Public-health researchers have tried to estimate the number of deaths linked to the dismantling of USAID. It’s not easy, Nicholas Kristof of the NY Times wrote recently, adding that “the only debate is whether to measure the dead in the thousands, tens of thousands or hundreds of thousands.” The White House said it was going after USAID in the name of eliminating “waste and abuse.” As a result of the agency’s dismantling, Kristoff pointed out, many millions of dollars of life-saving medicine are now sitting in warehouses “gathering dust, and some of them are approaching their expiration date and may have to be destroyed, at very significant cost, because the Trump administration canceled the program to distribute them.”
Jennifer Nielsen’s job was another casualty of the decision to get rid of USAID. She was a “workaholic,” she says, often putting in nine or ten hours a day because she found the work so fulfilling. She points out that U.S. foreign aid, while adding up to less than one percent of the federal budget, played a part in reducing extreme poverty and pregnancy-related deaths by about half over the past three decades.

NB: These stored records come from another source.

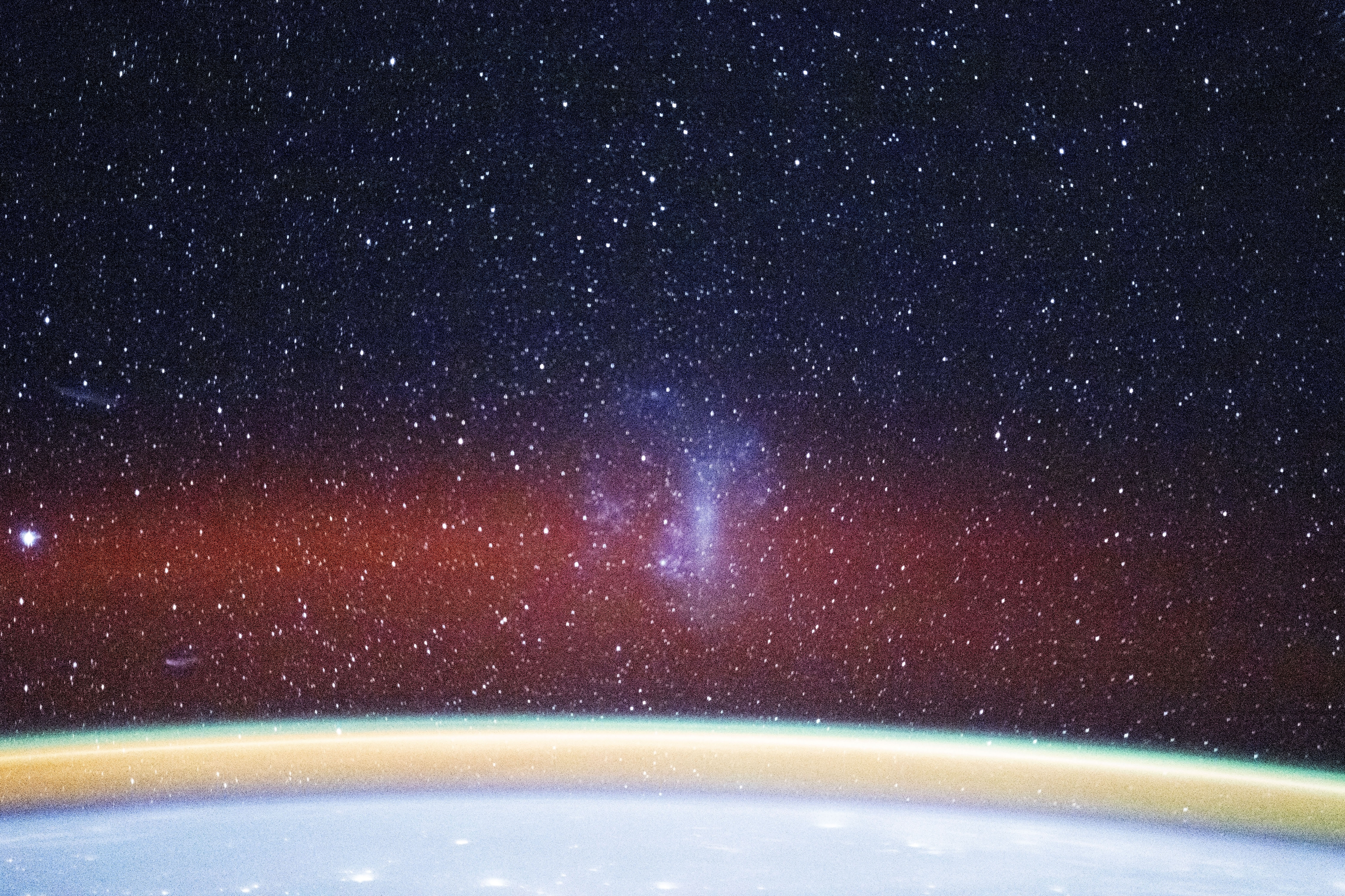 Located about 160,000 light-years away, the Large Magellanic Cloud (LMC) is an irregular dwarf galaxy consisting of billions of stars. It appears as a bright smudge in this photo, which was taken by an astronaut aboard the station on November 28, 2025. Arcing across the bottom of the image is Earth’s limb, along with yellow, green, and diffuse red layers of airglow.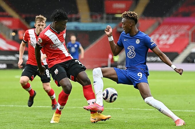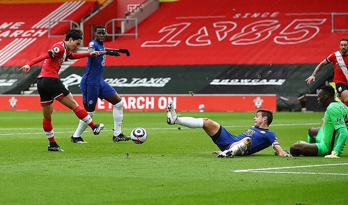 Trong thế trận đều đều, với ít điểm nhấn ở hai đầu khung thành, Ralph Hasenhuttl phần nào sắc sảo hơn HLV đồng hương. Phút 33, tấm lá chắn phòng ngự từ xa của Chelsea bị Nathan Redmond xuyên thủng bằng đường chọc khe dọc trung lộ. Mateo Kovacic dâng quá cao, và để ba hậu vệ áo xanh đối đầu với ba mũi tấn công chủ nhà. Takumi Minamino nhận bóng giữa Cesar Azpilicueta và Kurt Zouma, xâm nhập cấm địa, bình tĩnh làm động tác giả, trước khi nhẹ nhàng đưa bóng vào lưới khi thủ thành Edouard Mendy băng ra lỡ trớn.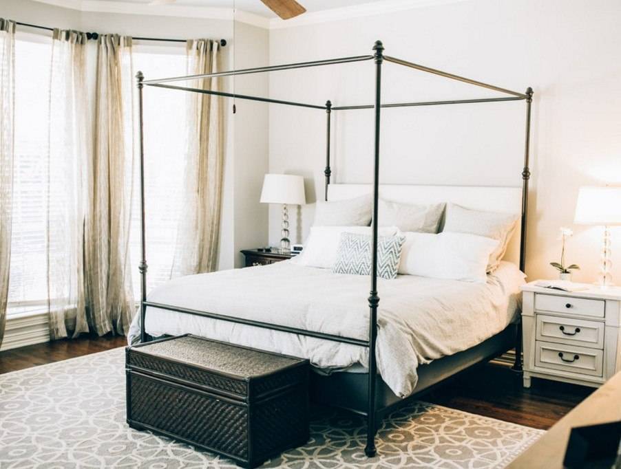 В этом случае нужно отметить, что они должны иметь однотонную расцветку. Лучше всего, чтобы они были выполнены в том же цвете, что и спальная комната. Если это спальня в светлых тонах, то и оттенок штор должен быть светлым.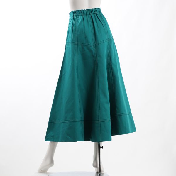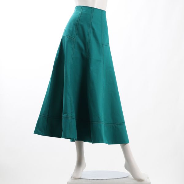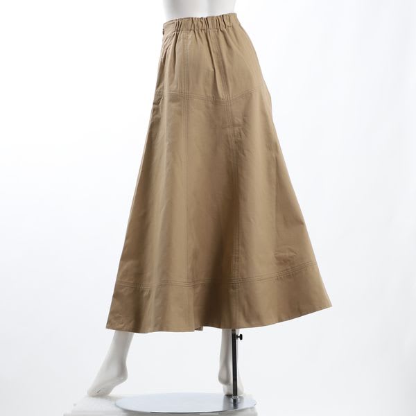ハイウエストのAラインスカートです。リブカットソーとスニーカーを合わせてカジュアルスタイルに、スタンドカラーブラウスとラウンドパンプスを合わせてレディライクなスタイルもいいですね。

Nielsen treasures a photograph of herself with a group of women in the West African nation of Niger. She had gone there to help evaluate a program intended to improve nutrition and bring greater food security while building a team of local anti-hunger workers. The photograph reminds her of their excitement over their newfound knowledge – and their gratitude for America’s support. “If only I could bring people to meet the communities where I worked,” Nielsen says. “Because they are so full of love for their children.”